Me llamo Kinsey Millhone. Soy investigadora privada, con licencia expedida por las autoridades del estado de California, y tengo un pequeño despacho en Santa Teresa, donde he vivido desde que nací hace treinta y dos años. Soy mujer, me gano la vida yo sola, me he casado y divorciado dos veces y en la actualidad estoy soltera. Admito que a veces pierdo la paciencia y los estribos, pero en términos generales soy tolerante y abierta, aunque tengo una necesidad (tal vez) desmesurada de independencia. Poseo también una tenacidad que hace muy factible que una mujer con bachillerato, que obtuvo el certificado de la academia de policía y que por naturaleza es incapaz de trabajar para otro, se dedique a la profesión de detective privada. Pago los recibos puntualmente, respeto casi todas las leyes y creo que los demás deberían hacer lo mismo, aunque sólo fuera por educación. Soy una puritana en lo que se refiere a la Justicia, aunque las mentiras se me escapan con cualquier pretexto. Y es que la falta de lógica no me ha quitado el sueño jamás.

Estábamos a fines de octubre, era la víspera de Halloween y el tiempo imitaba los otoños típicos del Medio Oeste: el cielo estaba despejado, hacía sol, hacía fresco. Cuando conducía por la ciudad podía jurar que olía a madera quemada, y hasta esperaba ver amarillentas y resecas las hojas de los árboles. Pero sólo veía las palmeras de siempre, las mismas zonas verdes, omnipresentes e inmutables. Los incendios estivales estaban bajo control y las lluvias no habían comenzado aún. Era una estación californiana típica, una temporada típicamente extemporánea, idéntica al otoño, y yo reaccionaba experimentando un júbilo desmedido; incluso me pasó por la cabeza la posibilidad de subir aquella misma tarde al campo de tiro de la montaña, para divertirme un rato.

Había ido a la oficina aquel sábado por la mañana para poner en orden la contabilidad, ya que quería pagar unos recibos y hacer mis balances mensuales. Había sacado ya la calculadora, tenía un recibo de pago en el carro de la máquina de escribir, y cuatro facturas ya terminadas, puestas en sobre y franqueadas, a mi izquierda. Estaba tan abstraída que no me di cuenta de que había un hombre en la puerta hasta que carraspeó. Di uno de esos respingos que suelen darse cuando se abre el periódico vespertino y sale corriendo una araña. Al parecer le hizo gracia, pero yo tuve que palmearme el pecho para que el ritmo cardíaco recuperase la normalidad.

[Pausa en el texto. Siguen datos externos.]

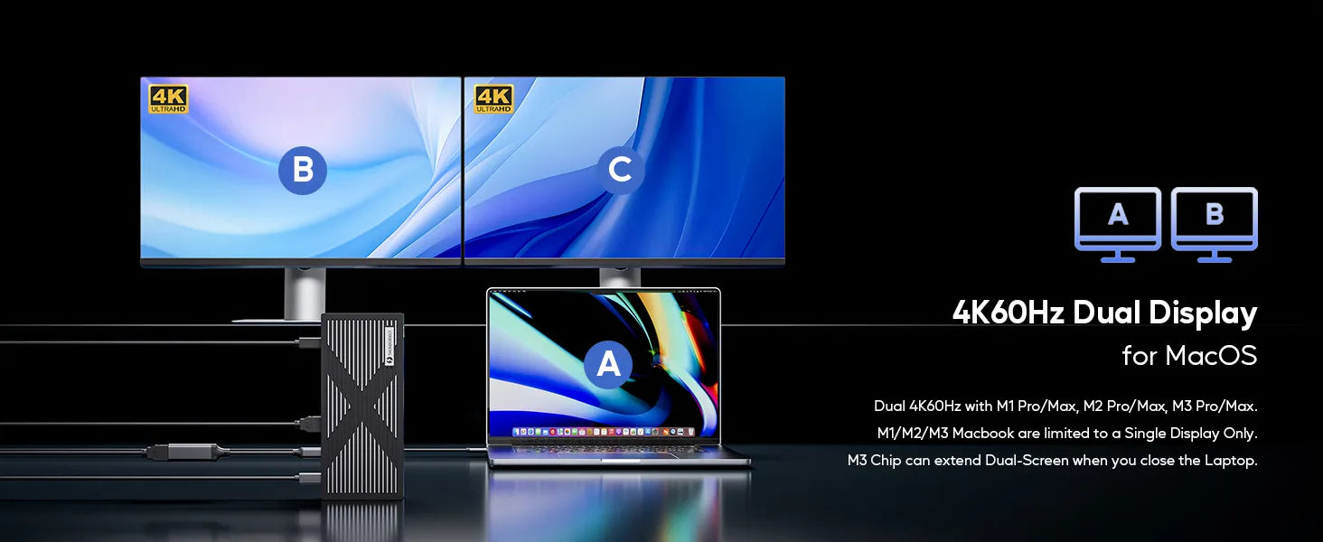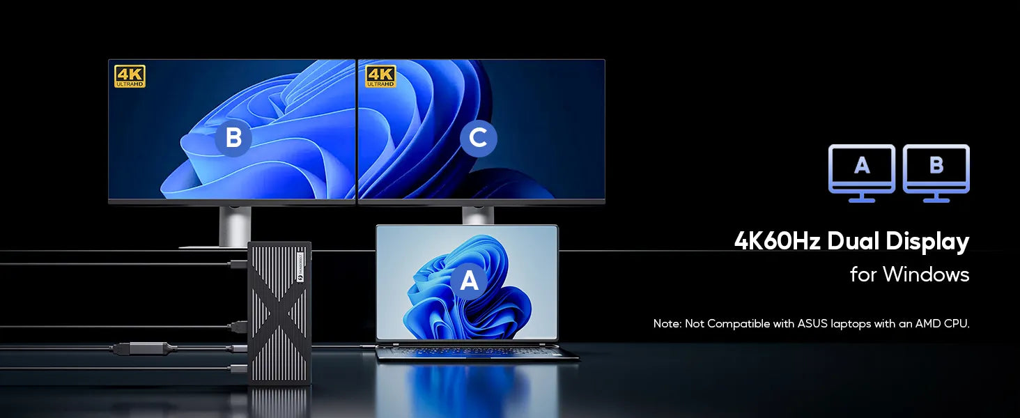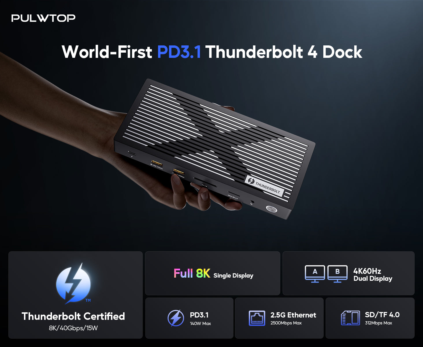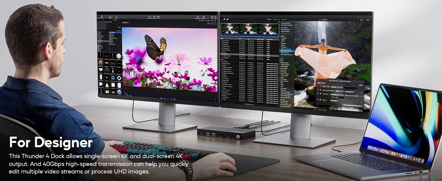 Thunderbolt 4 Dock with PD3.1 140W Adapter - 40Gbps Laptop Docking Station Dual Monitor, Thunderbolt Certified

—Soy Alvin Limardo —dijo—. Siento haberla sobresaltado.

—No es nada, no se preocupe —dije—, lo que pasa es que no me he dado cuenta de que estaba usted ahí. ¿Me busca a mí?

—Sí, si es usted Kinsey Millhone.

Me incorporé, nos dimos la mano y le ofrecí que tomara asiento. Al principio me dio la sensación de que se trataba de un vagabundo o un mendigo, pero al mirarle con más detenimiento no encontré nada en particular que apoyara tal suposición.

Tendría cincuenta y tantos años, y estaba demasiado demacrado para gozar de buena salud. Era chupado de cara, de mentón pronunciado. Tenía el pelo gris ceniza, muy corto, y olía a colonia de limón. Tenía los ojos de color avellana, la mirada perdida. Vestía un traje de un verde chocante. Sus manos eran grandes, de dedos largos y huesudos y nudillos anchos. Los cinco centímetros de muñeca desnuda que le sobresalían directamente de las mangas de la chaqueta, sin pasar por la camisa, indicaban pobreza y abandono, pero la ropa que llevaba parecía nueva. Tenía en las manos un pedazo de papel que había doblado dos veces y con el que, bastante embarazado, no paraba de juguetear.

—Usted dirá —dije.

—Quisiera que entregara usted esto.

Alisó el papel y lo puso sobre la mesa. Se trataba de un cheque por veinticinco mil dólares, extendido a nombre de un tal Tony Gahan, con fecha de 29 de octubre y contra un banco de Los Ángeles. Traté de ocultar mi sorpresa. No parecía hombre al que le sobrara el dinero. Puede que el tal Gahan le hubiera prestado aquella cantidad y mi visitante quisiera devolvérsela.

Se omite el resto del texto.